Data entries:
^^^^^^^^

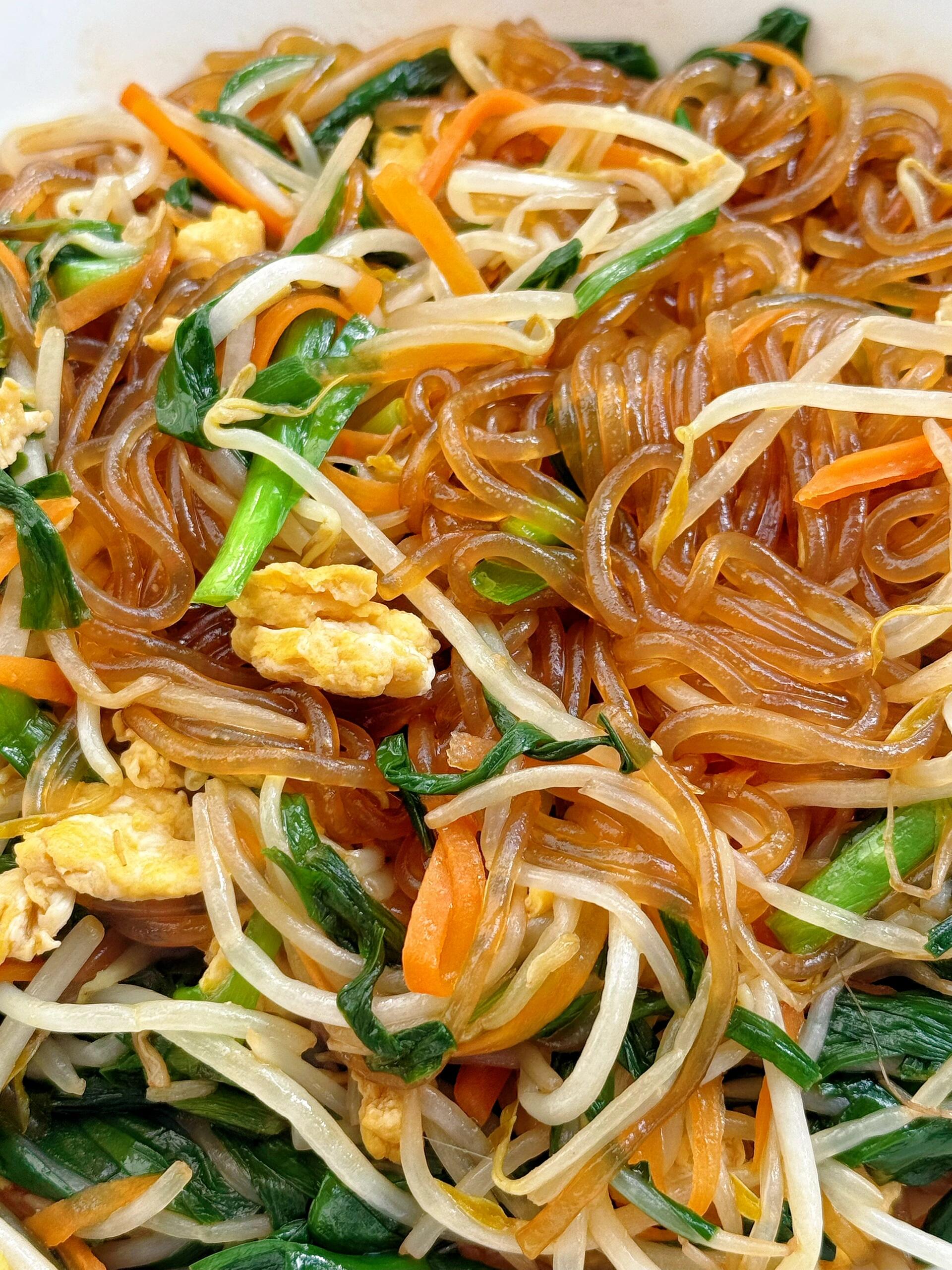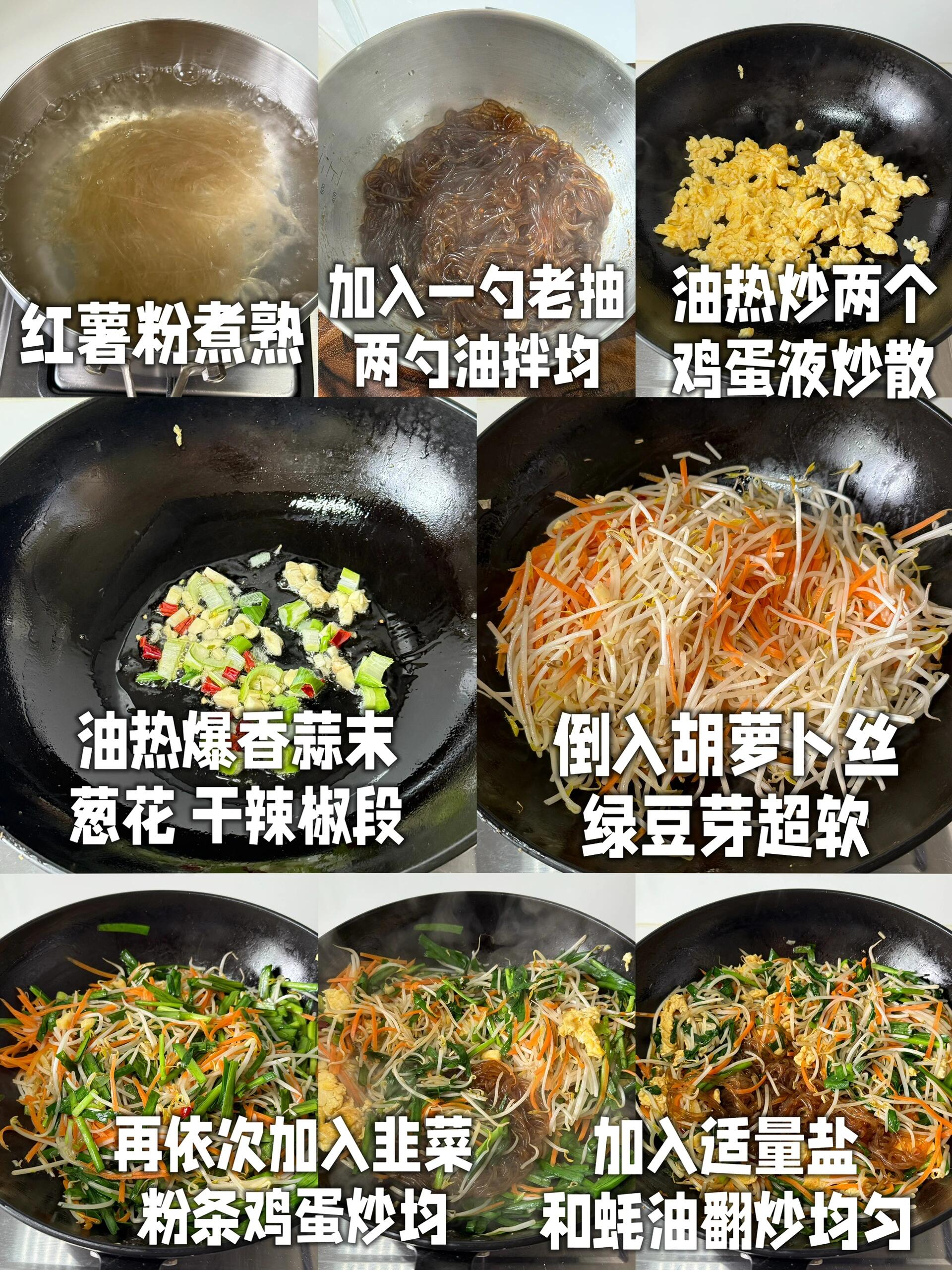 炒合菜,简单又下饭,卷饼,拌饭都好香啊 准备食材:绿豆芽,韭菜,红薯粉条,胡萝卜,鸡蛋 制作方法:1、红薯粉煮熟捞出,➕一勺生抽,两勺食用油拌均备用 2、锅中热油两个鸡蛋液炒散备用 3、油热爆香蒜末葱段,干辣椒段,倒入胡萝卜丝和绿豆芽炒软 4、再依次加入韭菜,粉条和鸡蛋碎翻炒,加入适量盐和蚝油翻炒均匀即可 卷春饼,煎饼,拌饭都很好吃哦!
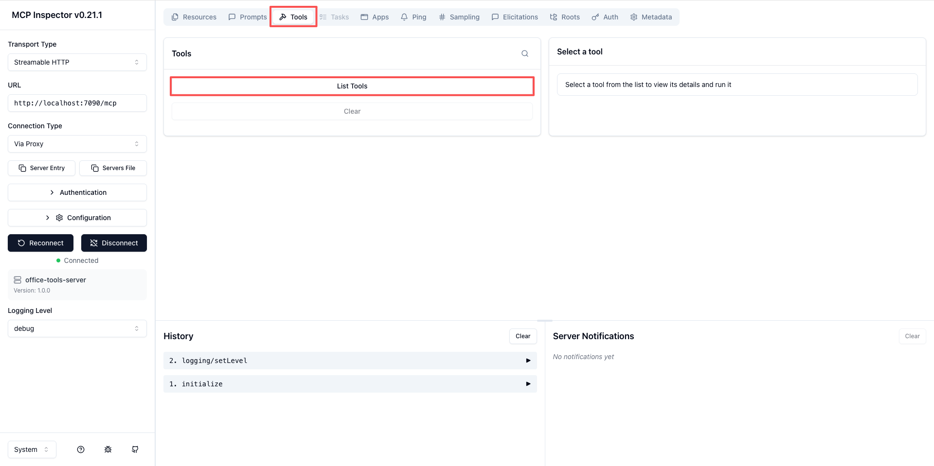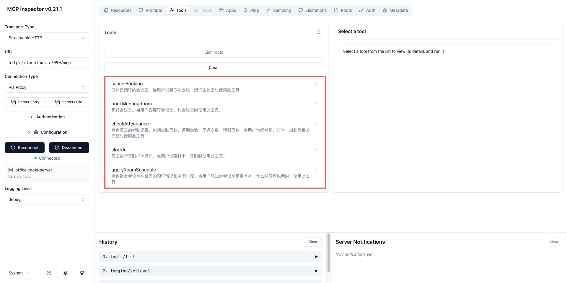连接成功后,点击Tools标签页,可以看到我们注册的所有工具。
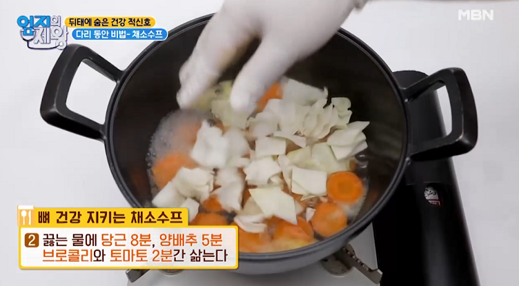 2. 끓는 물에 당근 8분, 양배추 5분, 브로콜리와 토마토 2분간 삶는다.
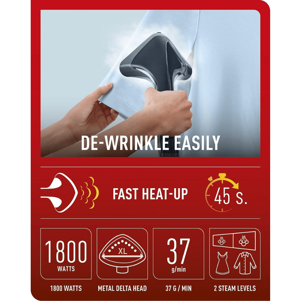 Powered by 1800 watts, it boasts a continuous steam output of 37g/minute, ensuring effective and efficient steaming sessions. Experience rapid heat-up in just 45 seconds, allowing for swift usage without prolonged waiting times. The removable 1.5-liter water tank adds to its user-friendly design, enhancing convenience during extended steaming sessions.
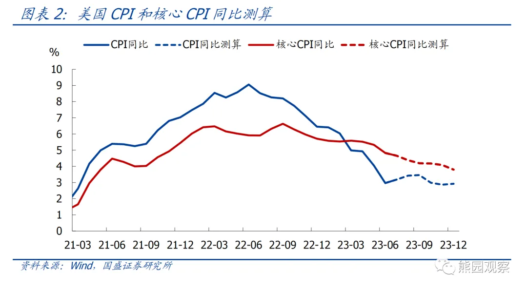 2、根据我们测算,8月美国CPI、核心CPI同比分别为3.4%、4.4%左右;年底时CPI、核心CPI同比分别在3.0%、3.8%左右。从走势看,CPI同比将在三季度小幅反弹、四季度重新回落;核心CPI同比将基本保持匀速缓慢下行。
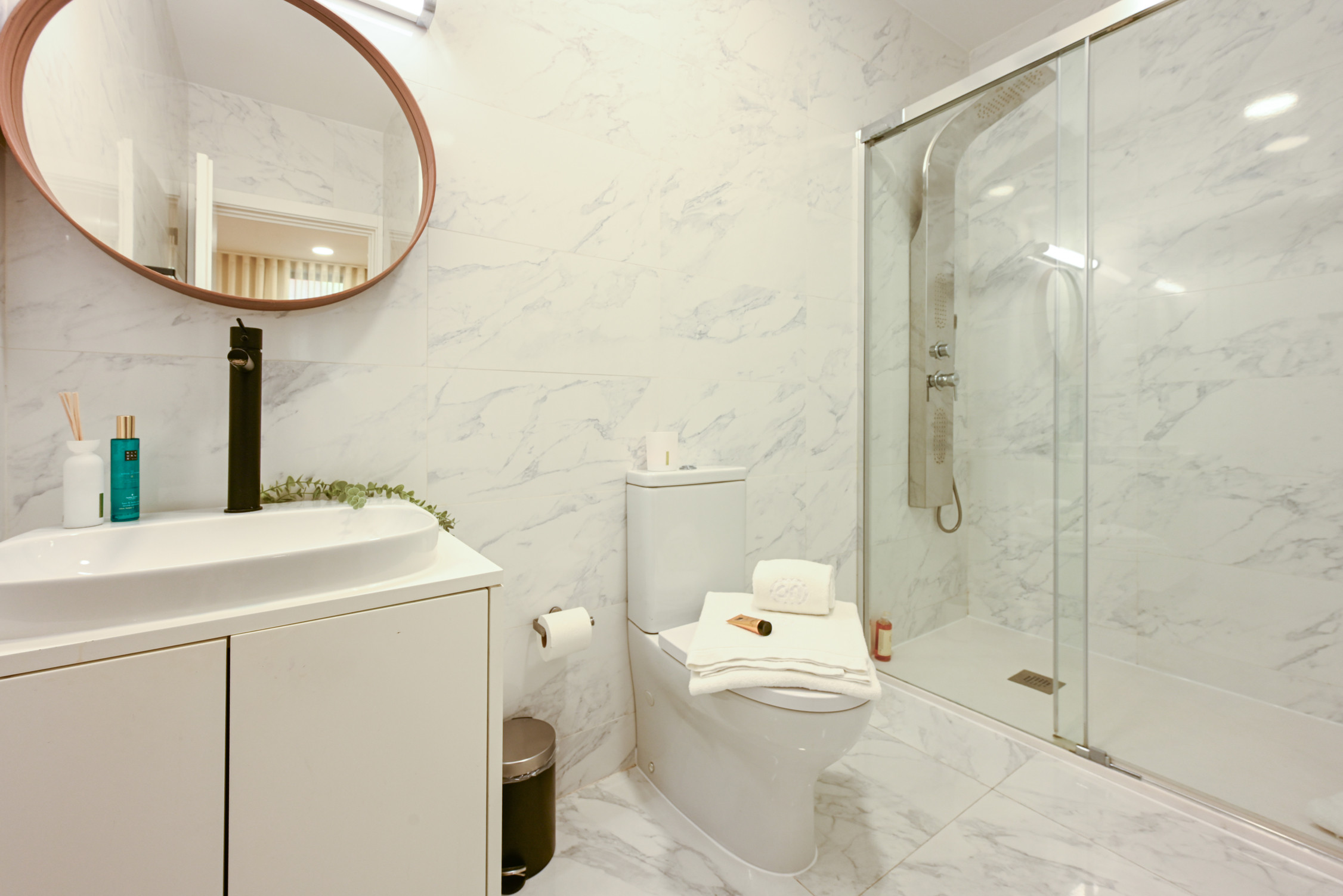 Bathroom: With high-quality stone and ceramic finishes, equipped with a modern and functional shower.
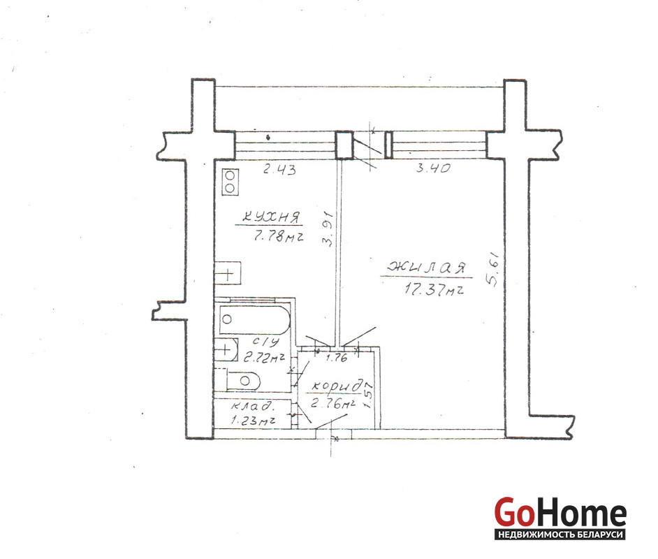 Общая площадь квартиры по СНБ – 35,8 кв. метров, общая- 31,9 кв. метров, жилая- 17,4 кв. метров , кухня-7,8 кв. метров.
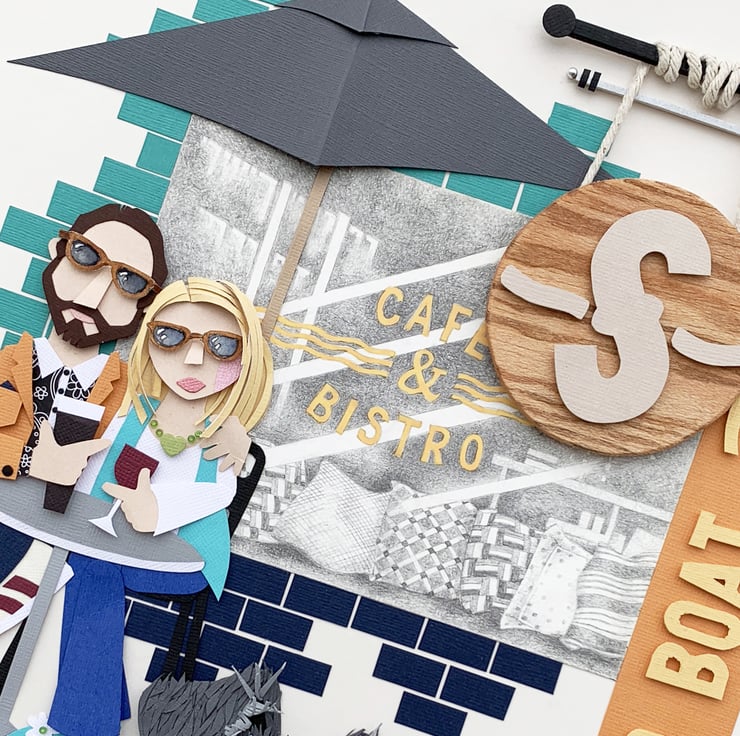The Sugar Boat, Helensburgh, illustrates the deconstructed nature of my work, where the feel & essence of the place is captured, rather than an everyday photographic likeness. Any business is suitable for the PaperWorks treatment & can include your logo & signage, as well as the many features that make your business stand out from the crowd.
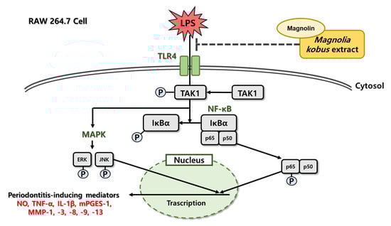 In conclusion, our study confirmed the anti-inflammatory and MMP-expression-inhibiting effects of MKE on LPS-induced RAW 264.7 cells by inhibiting TLR4–TAK1-mediated activation of NF-κB and MAPK signaling pathways. Magnolin also demonstrated effects similar to MKE, demonstrating that magnolin could act as an active ingredient in MKE. The results of this study suggest that MKE can be used as a therapeutic agent for periodontitis through its anti-inflammatory and MMP-inhibiting effects, and revealed the inhibitory mechanism of MKE against oral-disease-causing microbial endotoxins. However, this study has limitations in that it used an in vitro model, and therefore, it is necessary to evaluate the anti-periodontitis effect of MKE in animal models. Additionally, the efficacy and safety of oral administration of MKE in patients with periodontitis will be evaluated.
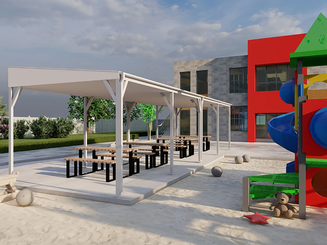 • PVC membrane structure with powdercoated steel frame

^^^^^^^^

▶ _Assigned task_
Your answer must be every record above, word for word, with no pictures.

▶ _Response_
 炒合菜,简单又下饭,卷饼,拌饭都好香啊 准备食材:绿豆芽,韭菜,红薯粉条,胡萝卜,鸡蛋 制作方法:1、红薯粉煮熟捞出,➕一勺生抽,两勺食用油拌均备用 2、锅中热油两个鸡蛋液炒散备用 3、油热爆香蒜末葱段,干辣椒段,倒入胡萝卜丝和绿豆芽炒软 4、再依次加入韭菜,粉条和鸡蛋碎翻炒,加入适量盐和蚝油翻炒均匀即可 卷春饼,煎饼,拌饭都很好吃哦!
连接成功后,点击Tools标签页,可以看到我们注册的所有工具。
 2. 끓는 물에 당근 8분, 양배추 5분, 브로콜리와 토마토 2분간 삶는다.
 Powered by 1800 watts, it boasts a continuous steam output of 37g/minute, ensuring effective and efficient steaming sessions. Experience rapid heat-up in just 45 seconds, allowing for swift usage without prolonged waiting times. The removable 1.5-liter water tank adds to its user-friendly design, enhancing convenience during extended steaming sessions.
 2、根据我们测算,8月美国CPI、核心CPI同比分别为3.4%、4.4%左右;年底时CPI、核心CPI同比分别在3.0%、3.8%左右。从走势看,CPI同比将在三季度小幅反弹、四季度重新回落;核心CPI同比将基本保持匀速缓慢下行。
 Bathroom: With high-quality stone and ceramic finishes, equipped with a modern and functional shower.
 Общая площадь квартиры по СНБ – 35,8 кв. метров, общая- 31,9 кв. метров, жилая- 17,4 кв. метров , кухня-7,8 кв. метров.
The Sugar Boat, Helensburgh, illustrates the deconstructed nature of my work, where the feel & essence of the place is captured, rather than an everyday photographic likeness. Any business is suitable for the PaperWorks treatment & can include your logo & signage, as well as the many features that make your business stand out from the crowd.
 In conclusion, our study confirmed the anti-inflammatory and MMP-expression-inhibiting effects of MKE on LPS-induced RAW 264.7 cells by inhibiting TLR4–TAK1-mediated activation of NF-κB and MAPK signaling pathways. Magnolin also demonstrated effects similar to MKE, demonstrating that magnolin could act as an active ingredient in MKE. The results of this study suggest that MKE can be used as a therapeutic agent for periodontitis through its anti-inflammatory and MMP-inhibiting effects, and revealed the inhibitory mechanism of MKE against oral-disease-causing microbial endotoxins. However, this study has limitations in that it used an in vitro model, and therefore, it is necessary to evaluate the anti-periodontitis effect of MKE in animal models. Additionally, the efficacy and safety of oral administration of MKE in patients with periodontitis will be evaluated.
 • PVC membrane structure with powdercoated steel frame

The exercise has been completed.